* TASK REQUIREMENTS:
Copy the lines running from the one that contains "Retro Piano Key" to the end of the entries below, exactly and with no pictures.
_____
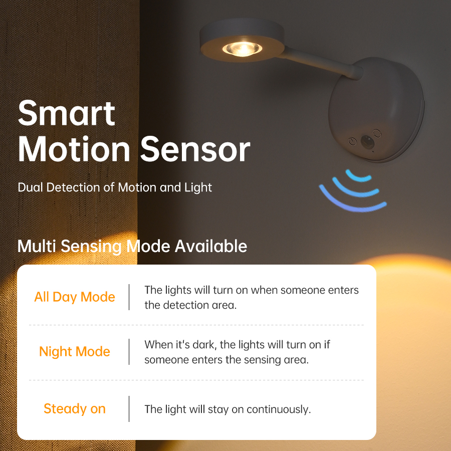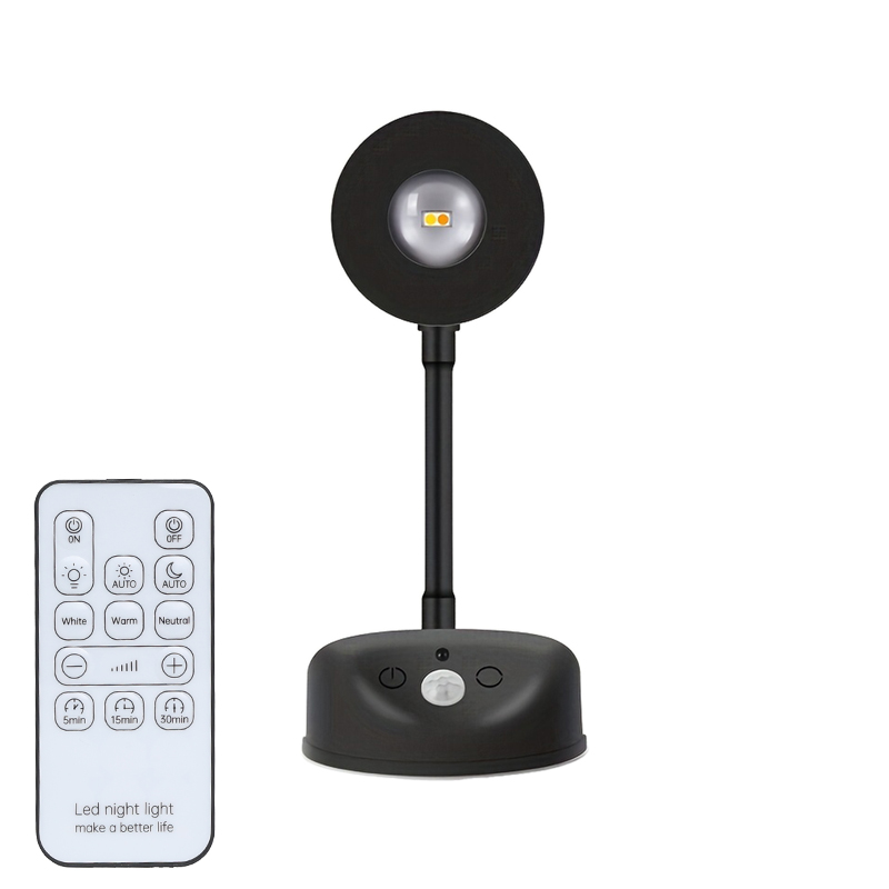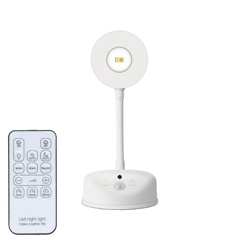 Luz Noturna Com Sensor De Movimento LED Controle Remoto 3 Cores Sem Fio USB Recarregável Branco
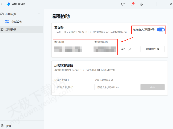 1.下载并打开最新版本的网易UU远程,点击左侧【远程协助】,勾选右侧【允许他人远程协助】,然后把下方的设备码和验证码发送到手机端。
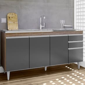 Balcão Para Pia Lorena, ideal para compor sua cozinha com funcionalidade e eficiência! Estrutura em MDP 15 mm com acabamento BP. Composto por portas com dobradiças metálicas e gavetas com corrediças metálicas, ambas com puxadores em perfil de alumínio, além de amplo espaço interno. Acompanha também pés em plástico com regulagem de altura. TAMPO/PIA NÃO INCLUSO. Produto será entregue em 01 volume.
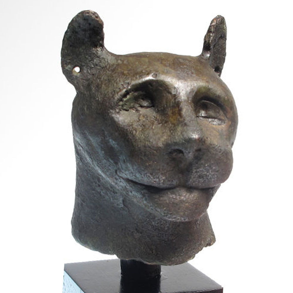 The cat or Miu was first domesticated in Ancient Egypt where in the New Kingdom of the Pharaoh’s Akhenaten and Tutankhamun it can be found in the wall paintings of noblemen assisting in hunting game and fishing. Our love affair with the cat is indeed ancient. By the Late Period, the animal cult was particularly important and the cat was worshipped as Bastet, the goddess of love, both erotic and maternal. This fine Bronze head of a cat will be appreciated by a loved one as an eternal symbol of undying affection.
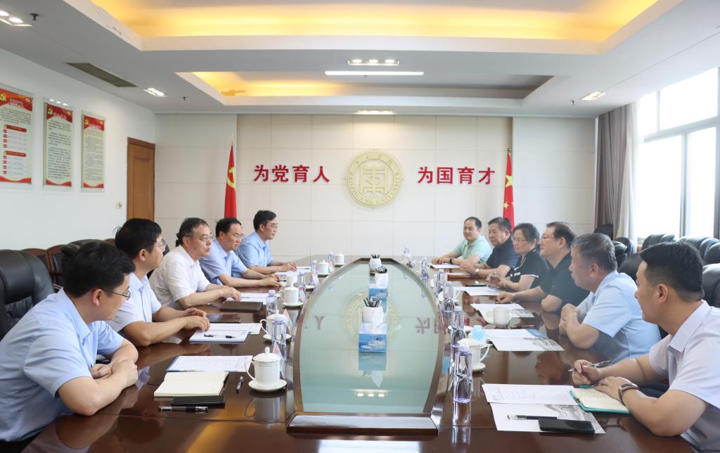 7月10日下午,山东工程职业技术大学校长吴梦军、党委书记孔祥云,今年会jinnianhuicom原党委书记胡小林一行6人来今年会官网考察交流。今年会官网党委书记高峰、校长李文喜热情接待了吴梦军一行,并在八楼会议室举行座谈会。校党委委员、副校长李目海、安涛,办公室负责同志参加座谈会。
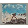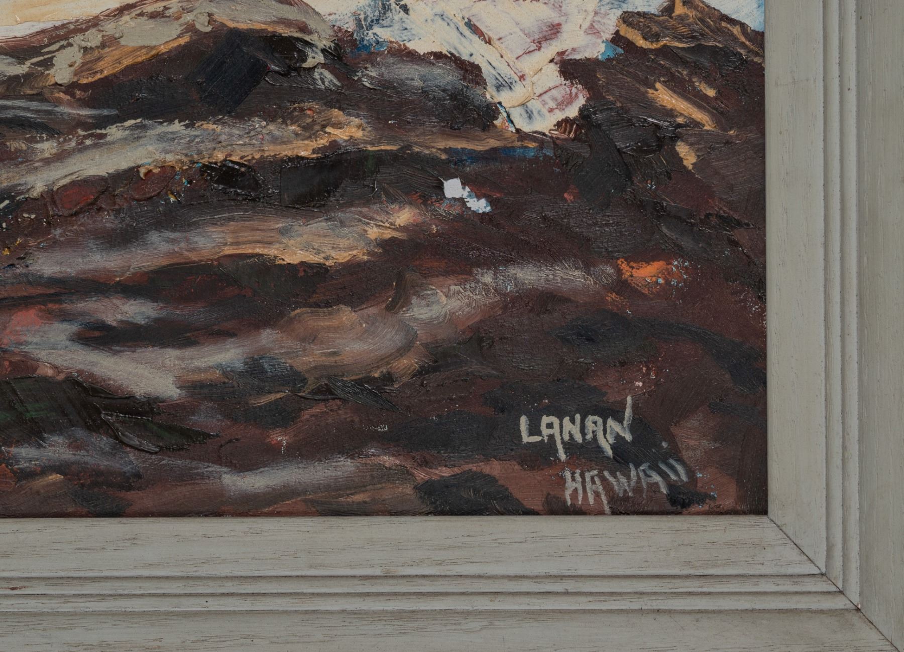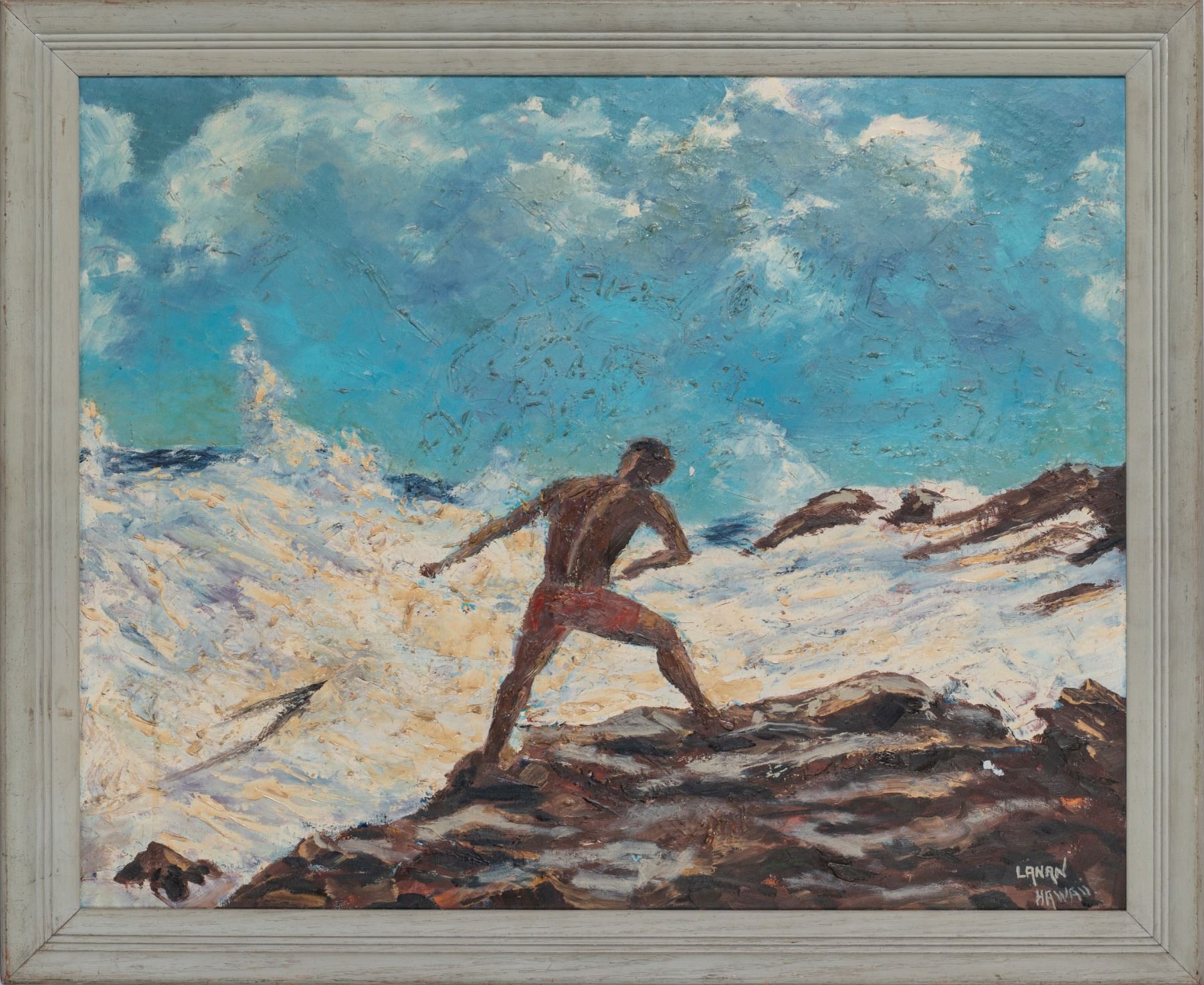 (1950s) Magnificent power of the crashing surf waves highlight this oil on wood painting of a native male atop a rocky outcropping facing the elements. Solid beveled wood frame. Signed by artist. "LAHAN - HAWAII" Quintessential Hawaiiana. 33.75"x27.75". VG+ with some paint chipping in a 1" area.
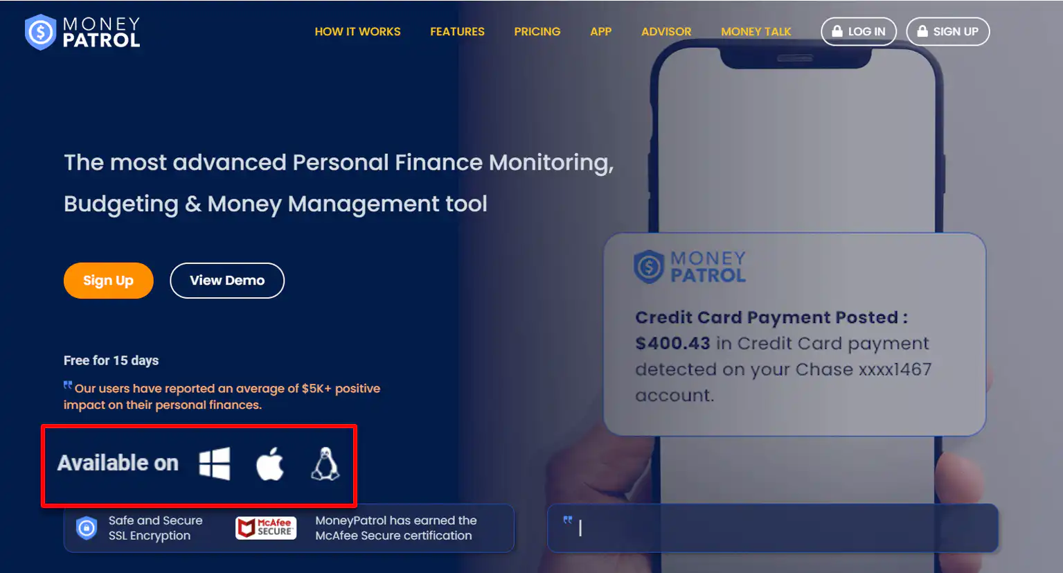 MoneyPatrol is available on Windows, Apple, and Linux. Download these versions, by going to the homepage of the website.
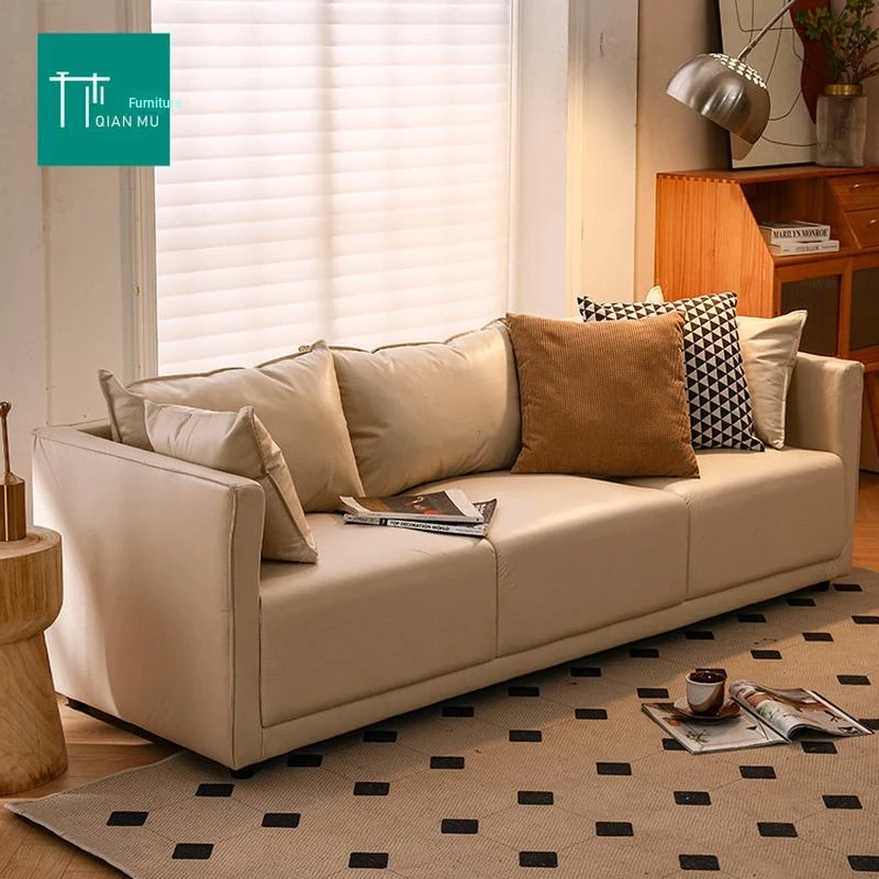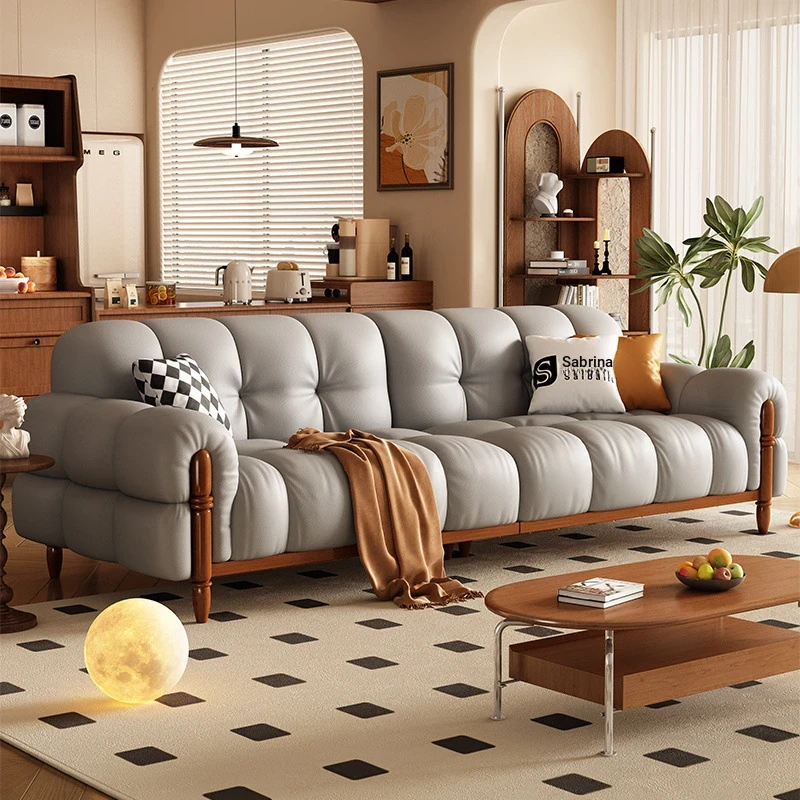 Retro Piano Key Fabric Sofa - New Cream Style for Small Living Rooms, Real Leather Combination with Natural Wood Accents. Perfect for Modern Spaces!
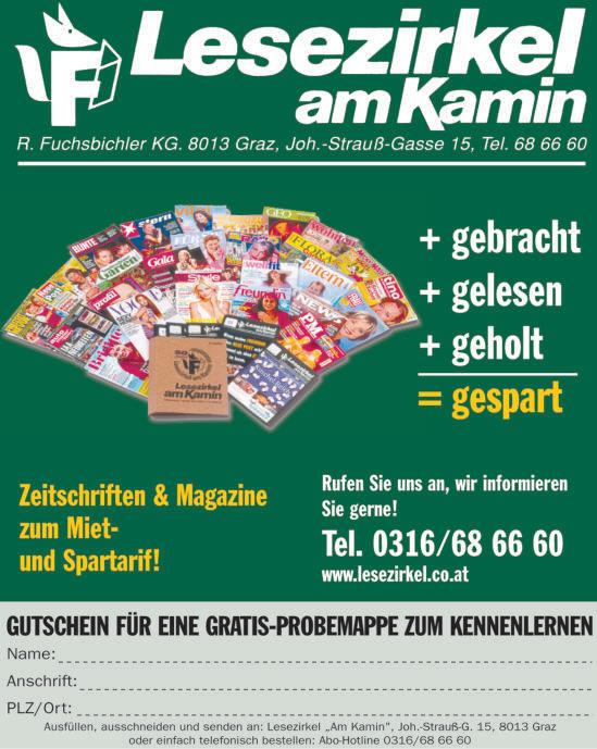 KLIPP Zeitschriften GmbH Nfg & Co KG, 8041 Graz, Liebenauer Hauptstraße 2-6, Tel. 0316/ 42 60 80-0, Fax-Dw 122
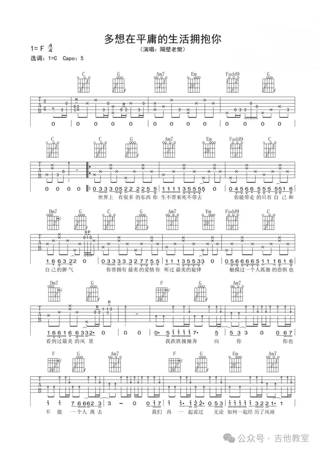 吉他谱《多想在平庸的生活拥抱你》- 隔壁老樊
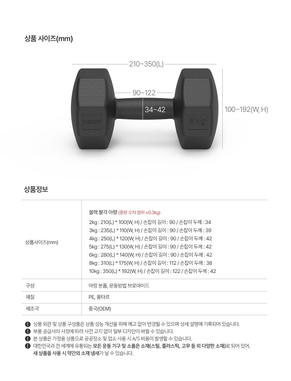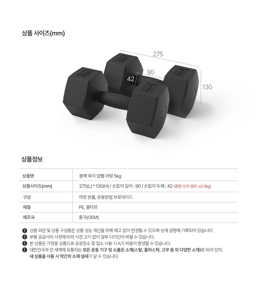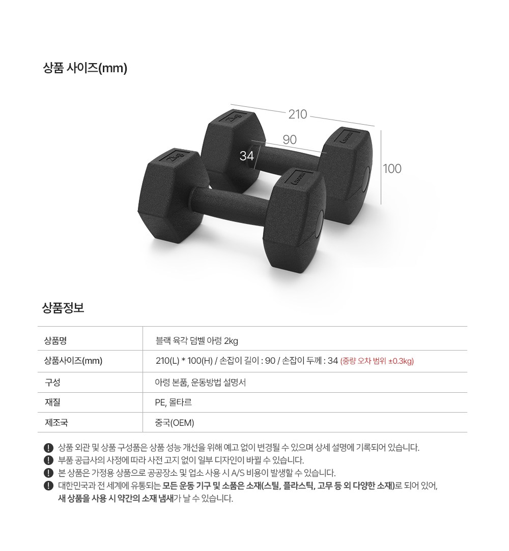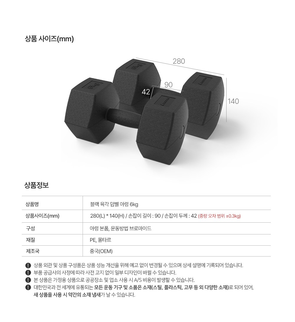 | 품명 및 모델명 | 블랙육각 아령 | KC 인증정보 | 해당없음 |
_____
* ANSWER:
 Retro Piano Key Fabric Sofa - New Cream Style for Small Living Rooms, Real Leather Combination with Natural Wood Accents. Perfect for Modern Spaces!
 KLIPP Zeitschriften GmbH Nfg & Co KG, 8041 Graz, Liebenauer Hauptstraße 2-6, Tel. 0316/ 42 60 80-0, Fax-Dw 122
 吉他谱《多想在平庸的生活拥抱你》- 隔壁老樊
 | 품명 및 모델명 | 블랙육각 아령 | KC 인증정보 | 해당없음 |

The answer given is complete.